Unlike commercially processed cacao beans, which Wolfe warns contain fewer nutrients and are more likely to result in allergic reactions or intense cravings, raw organic cacao beans are his favorite food.
Even if they don’t become yours, you can make informed decisions about chocolate by focusing on low-sugar, dairy-free organic products containing more than 70 percent cacao for an occasional guilt-free indulgence.
Buyer Beware
Many designer chocolates, as well as “good for you” chocolate bars from mainstream candy makers, contain milk, sugar, and/or hydrogenated oils, all of which can dilute chocolate’s healthful ingredients. This, of course, reduces chocolate’s benefits, while adding unnecessary calories and dubious refined carbohydrates.
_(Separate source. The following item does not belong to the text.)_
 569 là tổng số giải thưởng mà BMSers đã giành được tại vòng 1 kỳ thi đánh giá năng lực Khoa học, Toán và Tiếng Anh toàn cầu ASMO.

Even without these additions, chocolate isn’t for everyone. It contains caffeine and theobromine, both of which are stimulants. Chocolate is famous as a migraine headache trigger, and it can aggravate rapid eye movement sleep behavior disorder, or RBD, a rare condition in which people unknowingly act out violent nightmares.
Worst of all for pet owners, chocolate is actually fatal to man’s best friends. Dogs, cats, and other animals have a toxic reaction to chocolate’s theobromine and caffeine. For them, dark chocolate (the best kind for humans) is the most dangerous. Keep this treat away from animals, and call the vet at once if your pet swallows chocolate.